**Aim of the exercise**
Give back every record verbatim, but not the pictures.

**Records**
+-------+

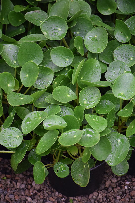 Other Names: Coin Plant, UFO Plant, Pancake Plant Description: Attractive, interesting, coin shaped leaves are nearly round, featuring smooth green surfaces with a white spot on each leaf; requires bright indirect light; an excellent tabletop accent for a bright indoor area; great for terrariums Features & Attributes Chinese Money Plant's attractive glossy round leaves remain forest green in color with distinctive white spots throughout the year on a plant with a mounded habit of growth. This is a dense herbaceous evergreen houseplant with a mounded form. Its relatively fine texture sets it apart from other indoor plants with less refined foliage. This plant can be pruned at any time to keep it looking its best. Planting & Growing When grown indoors, Chinese Money Plant can be expected to grow to be about 10 inches tall at maturity, with a spread of 10 inches. It grows at a medium rate, and under ideal conditions can be expected to live for approximately 5 years. This houseplant should only be grown away from direct sunlight or in a room with strong artificial light. It does best in average to evenly moist soil, but will not tolerate standing water. The surface of the soil shouldn't be allowed to dry out completely, and so you should expect to water this plant once and possibly even twice each week. Be aware that your particular watering schedule may vary depending on its location in the room, the pot size, plant size and other conditions; if in doubt, ask one of our experts in the store for advice. It will benefit from a regular feeding with a general-purpose fertilizer with every second or third watering. It is not particular as to soil pH, but grows best in rich soil. Contact the store for specific recommendations on pre-mixed potting soil for this plant. There are many factors that will affect the ultimate height, spread and overall performance of a plant when grown indoors; among them, the size of the pot it's growing in, the amount of light it receives, watering frequency, the pruning regimen and repotting schedule. Use the information described here as a guideline only; individual performance can and will vary. Please contact the store to speak with one of our experts if you are interested in further details concerning recommendations on pot size, watering, pruning, repotting, etc. -- THIS IS A HOUSEPLANT AND IS NOT MEANT TO SURVIVE THE WINTER OUTDOORS IN OUR CLIMATE --
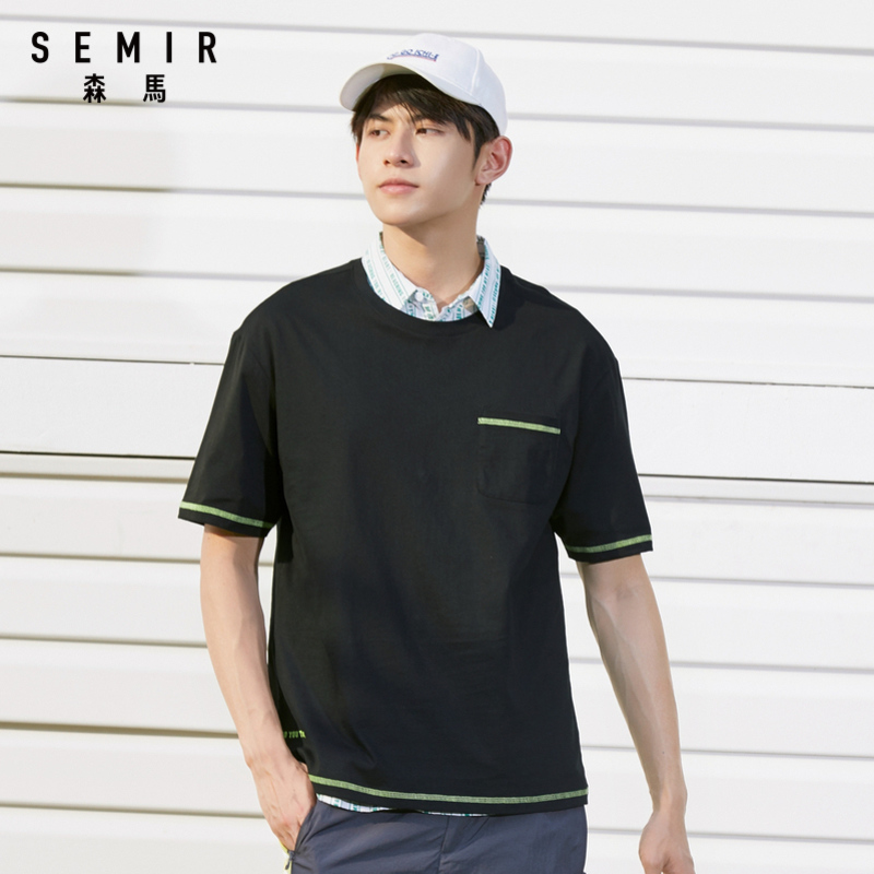 Senma 2022 Summer new short sleeves T-shirt Male Collider Letters Printed Blouse Pure Cotton Breathable Loose slim T-shirt
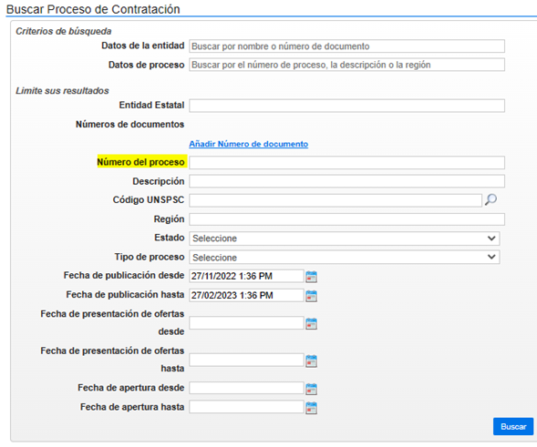 Para obtener mayor información sobre las convocatorias, pueden consultar el siguiente enlace: VER. Allí, se debe ingresar el número del proceso en el formulario de búsqueda, según se muestra en la siguiente imagen:
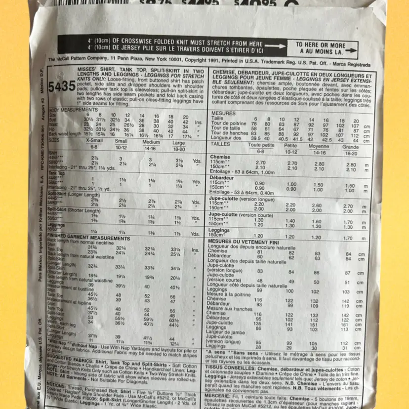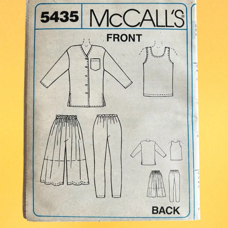 Vtg McCall’s Pattern 5434 Shirt, Tank Top, Split-Skirt, Leggings Uncut FF Please see photos. Let me know if you have any questions. Thank you for stopping by.
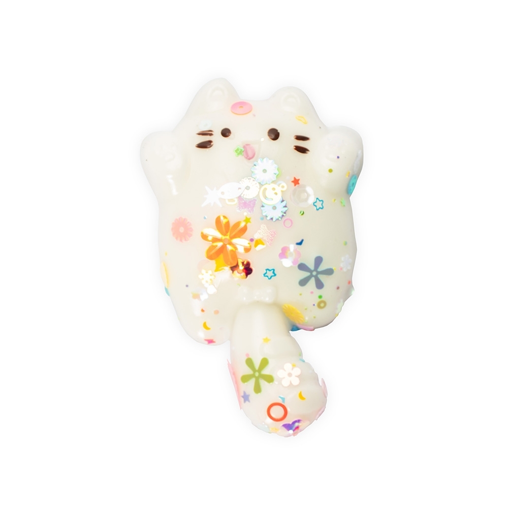 Brinquedo apertável antiestresse em formado de gato. Feito em borracha termoplástica com textura macia, adere facilmente a superfícies planas e acompanha bolinhas de pelúcia e lantejoulas para decoração.
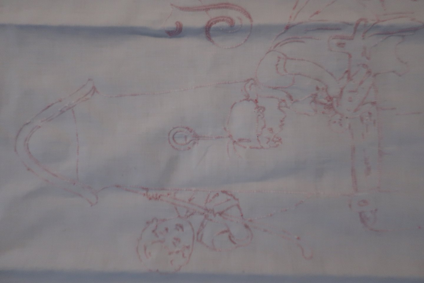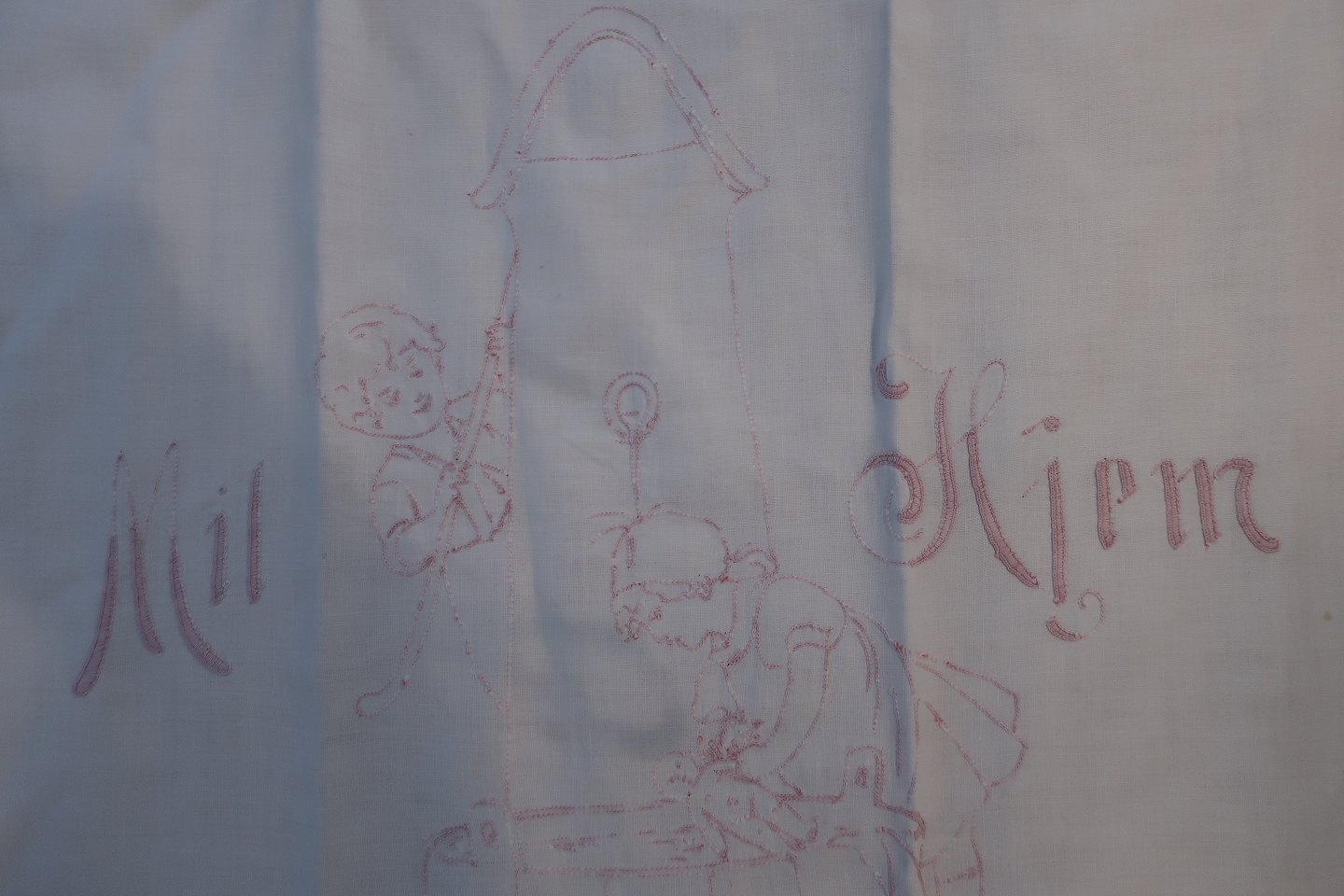 Smukt gammelt paradestykke med lyserødt håndbroderi
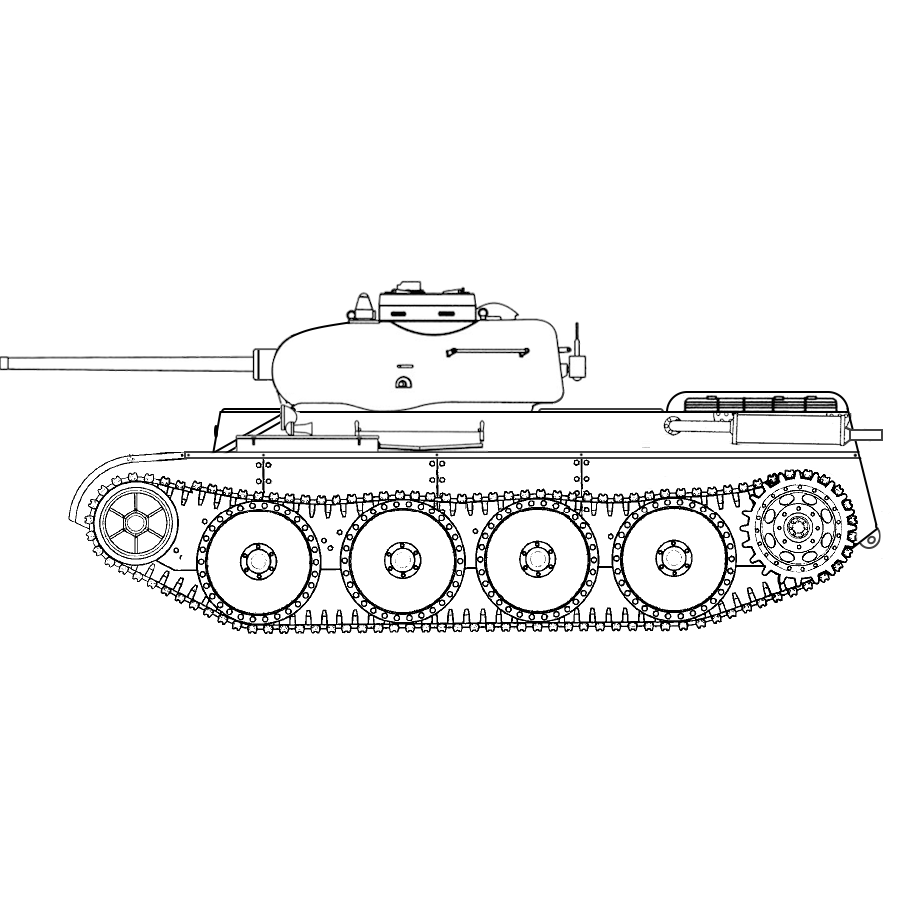 - Бронирование — Башня от 30 до 55 мм; Лоб 30мм/60°;Верхняя часть борта 13мм/30°, нижняя 13+4 мм; Корма, крыша и днище 10 мм.
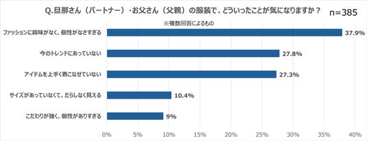 旦那さん(パートナー)・お父さん(父親)の服装で気になる点について質問したところ、最も多かった回答は「ファッションに興味がなく、個性がなさすぎる」(37.9%)、次いで「今のトレンドにあっていない(27.8%)」や「アイテムを上手く着こなせていない(27.3%)」など、“古臭さ”や“着こなし下手”への指摘が見られました。
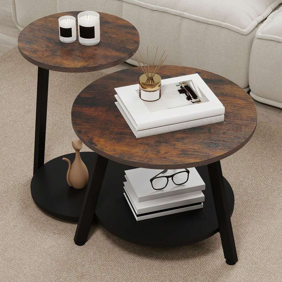 Round Coffee Tables Set Of 2, Nesting Tables With Storage Space And Unified Style Design, Small Coffee Tables, Side Table, Rustic Brown -By GeoTower
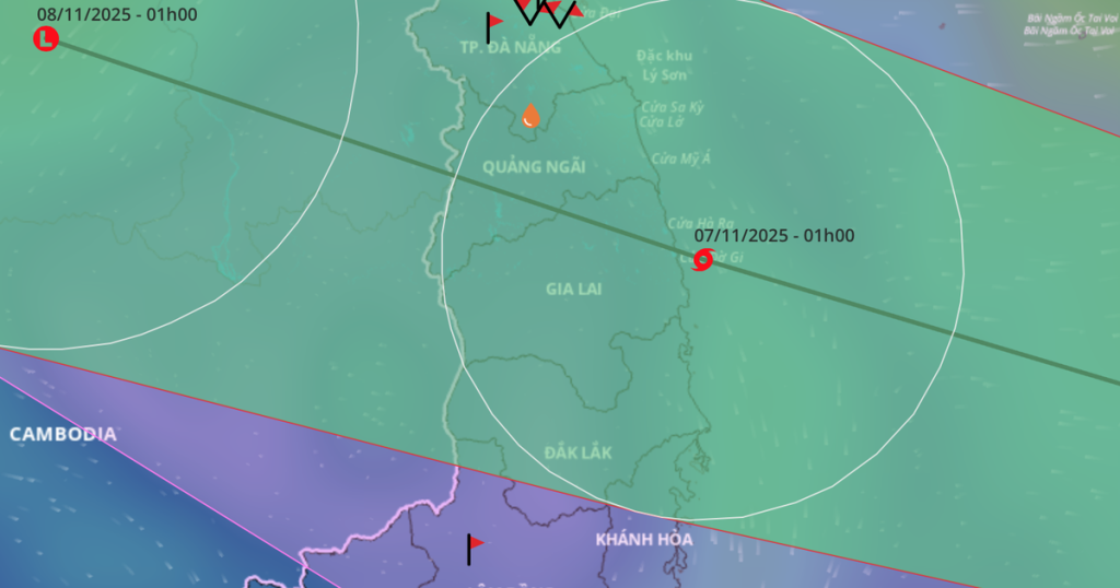 Trên khu vực miền Trung Philippines, bão Kalmaegi có cường độ mạnh cấp 12 giật cấp 15. Dự báo sẽ vào Biển Đông và trở thành cơn bão số 13 với đang hoành hành trên khu vực đất liền miền Trung Philippines, dự báo sẽ vào Biển Đông vào rạng sáng 5.11. Sau khi vào Biển Đông, bão có thể tiếp tục mạnh thêm và đạt cường độ cấp 13 – 14 giật cấp 15.
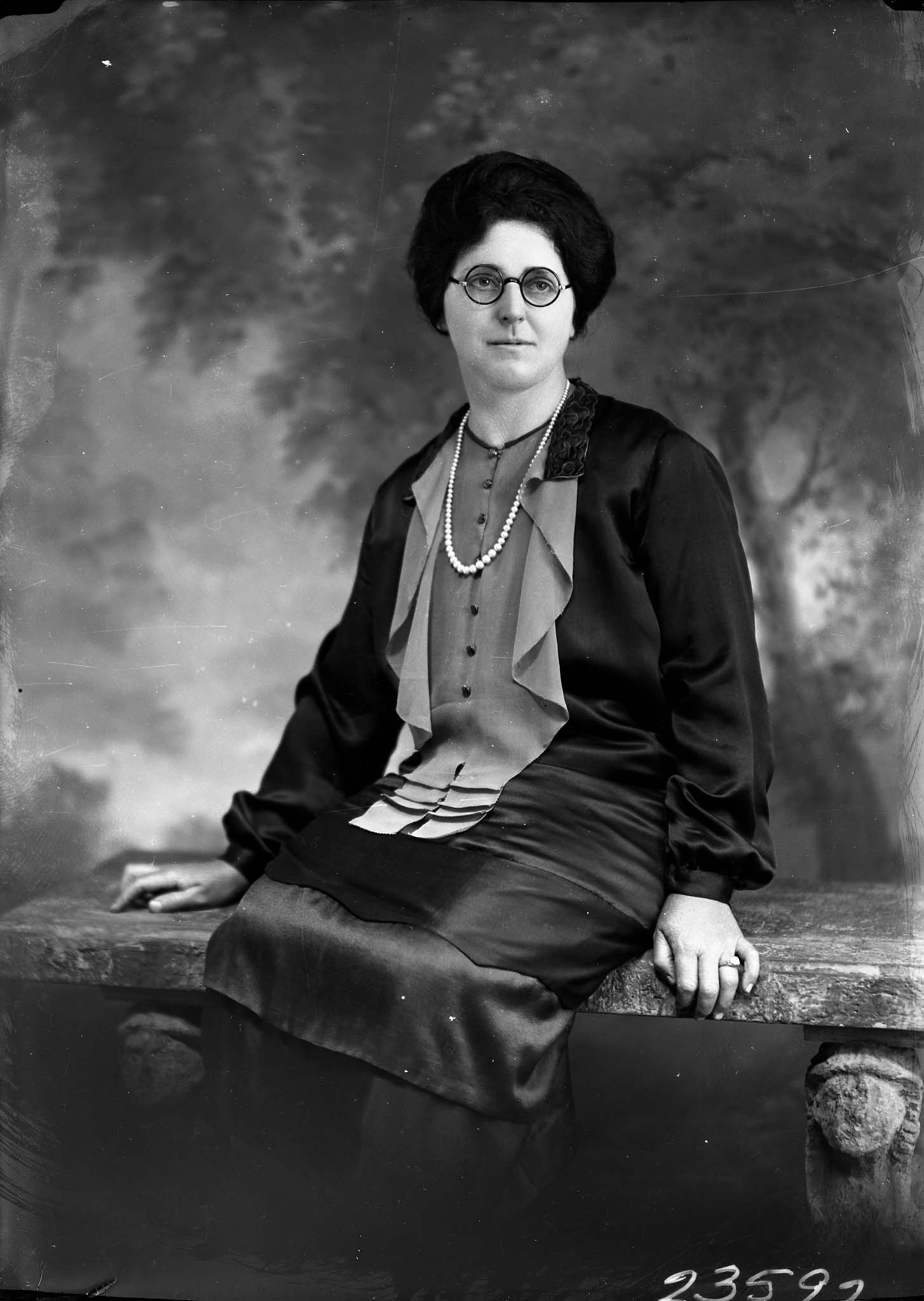 Unidentified woman with round glasses and wearing a long bead necklace, is seated on a stone bench.
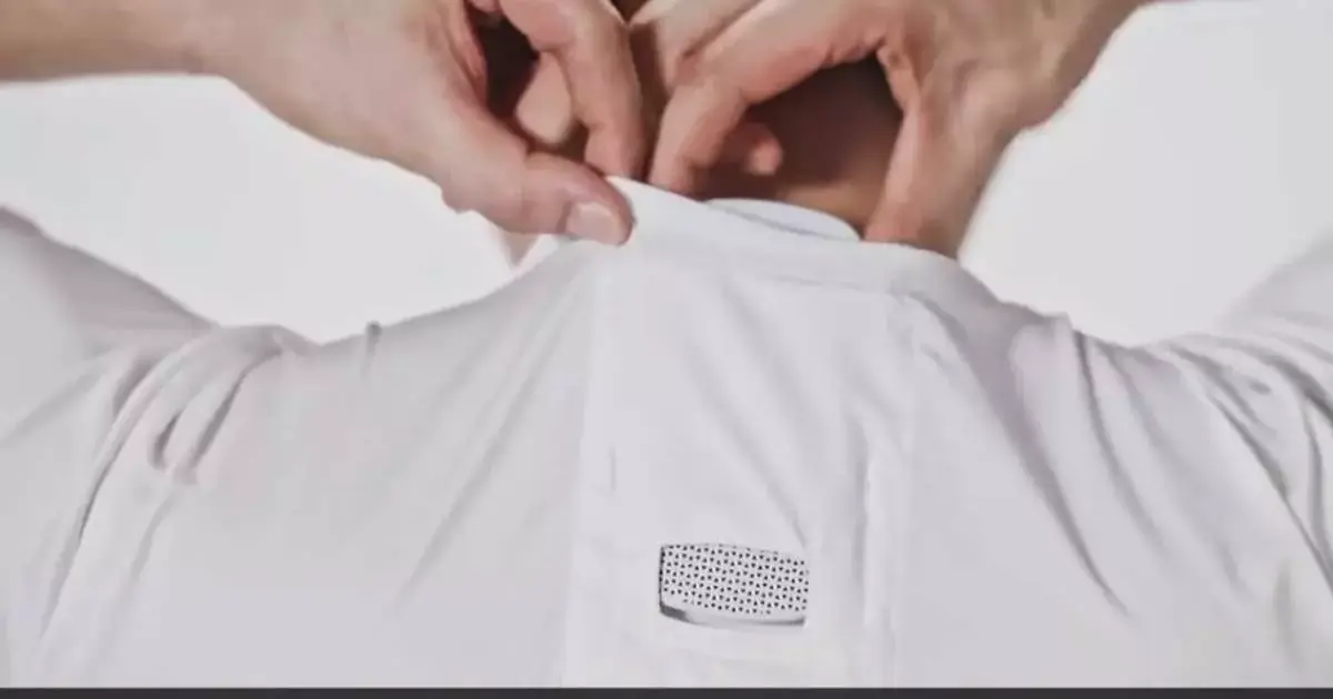 ويتم وضع جهاز التبريد المحمول في جيب قميص مصمم خصيصا لهذا الغرض، في الجزء العلوي من ظهر الشخص.
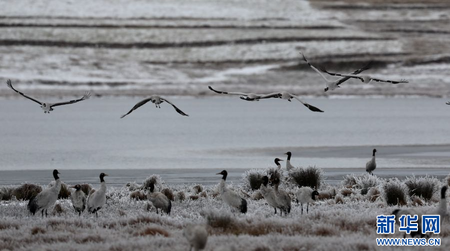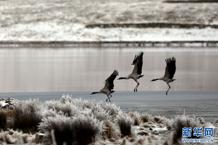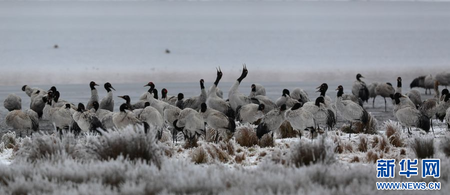 冰雪中的黑頸鶴(攝于1月22日)。新華網發(昭陽區融媒體中心供圖)

+-------+

**Response area**
 Other Names: Coin Plant, UFO Plant, Pancake Plant Description: Attractive, interesting, coin shaped leaves are nearly round, featuring smooth green surfaces with a white spot on each leaf; requires bright indirect light; an excellent tabletop accent for a bright indoor area; great for terrariums Features & Attributes Chinese Money Plant's attractive glossy round leaves remain forest green in color with distinctive white spots throughout the year on a plant with a mounded habit of growth. This is a dense herbaceous evergreen houseplant with a mounded form. Its relatively fine texture sets it apart from other indoor plants with less refined foliage. This plant can be pruned at any time to keep it looking its best. Planting & Growing When grown indoors, Chinese Money Plant can be expected to grow to be about 10 inches tall at maturity, with a spread of 10 inches. It grows at a medium rate, and under ideal conditions can be expected to live for approximately 5 years. This houseplant should only be grown away from direct sunlight or in a room with strong artificial light. It does best in average to evenly moist soil, but will not tolerate standing water. The surface of the soil shouldn't be allowed to dry out completely, and so you should expect to water this plant once and possibly even twice each week. Be aware that your particular watering schedule may vary depending on its location in the room, the pot size, plant size and other conditions; if in doubt, ask one of our experts in the store for advice. It will benefit from a regular feeding with a general-purpose fertilizer with every second or third watering. It is not particular as to soil pH, but grows best in rich soil. Contact the store for specific recommendations on pre-mixed potting soil for this plant. There are many factors that will affect the ultimate height, spread and overall performance of a plant when grown indoors; among them, the size of the pot it's growing in, the amount of light it receives, watering frequency, the pruning regimen and repotting schedule. Use the information described here as a guideline only; individual performance can and will vary. Please contact the store to speak with one of our experts if you are interested in further details concerning recommendations on pot size, watering, pruning, repotting, etc. -- THIS IS A HOUSEPLANT AND IS NOT MEANT TO SURVIVE THE WINTER OUTDOORS IN OUR CLIMATE --
 Senma 2022 Summer new short sleeves T-shirt Male Collider Letters Printed Blouse Pure Cotton Breathable Loose slim T-shirt
 Para obtener mayor información sobre las convocatorias, pueden consultar el siguiente enlace: VER. Allí, se debe ingresar el número del proceso en el formulario de búsqueda, según se muestra en la siguiente imagen:
 Vtg McCall’s Pattern 5434 Shirt, Tank Top, Split-Skirt, Leggings Uncut FF Please see photos. Let me know if you have any questions. Thank you for stopping by.
 Brinquedo apertável antiestresse em formado de gato. Feito em borracha termoplástica com textura macia, adere facilmente a superfícies planas e acompanha bolinhas de pelúcia e lantejoulas para decoração.
 Smukt gammelt paradestykke med lyserødt håndbroderi
 - Бронирование — Башня от 30 до 55 мм; Лоб 30мм/60°;Верхняя часть борта 13мм/30°, нижняя 13+4 мм; Корма, крыша и днище 10 мм.
 旦那さん(パートナー)・お父さん(父親)の服装で気になる点について質問したところ、最も多かった回答は「ファッションに興味がなく、個性がなさすぎる」(37.9%)、次いで「今のトレンドにあっていない(27.8%)」や「アイテムを上手く着こなせていない(27.3%)」など、“古臭さ”や“着こなし下手”への指摘が見られました。
 Round Coffee Tables Set Of 2, Nesting Tables With Storage Space And Unified Style Design, Small Coffee Tables, Side Table, Rustic Brown -By GeoTower
 Trên khu vực miền Trung Philippines, bão Kalmaegi có cường độ mạnh cấp 12 giật cấp 15. Dự báo sẽ vào Biển Đông và trở thành cơn bão số 13 với đang hoành hành trên khu vực đất liền miền Trung Philippines, dự báo sẽ vào Biển Đông vào rạng sáng 5.11. Sau khi vào Biển Đông, bão có thể tiếp tục mạnh thêm và đạt cường độ cấp 13 – 14 giật cấp 15.
 Unidentified woman with round glasses and wearing a long bead necklace, is seated on a stone bench.
 ويتم وضع جهاز التبريد المحمول في جيب قميص مصمم خصيصا لهذا الغرض، في الجزء العلوي من ظهر الشخص.
 冰雪中的黑頸鶴(攝于1月22日)。新華網發(昭陽區融媒體中心供圖)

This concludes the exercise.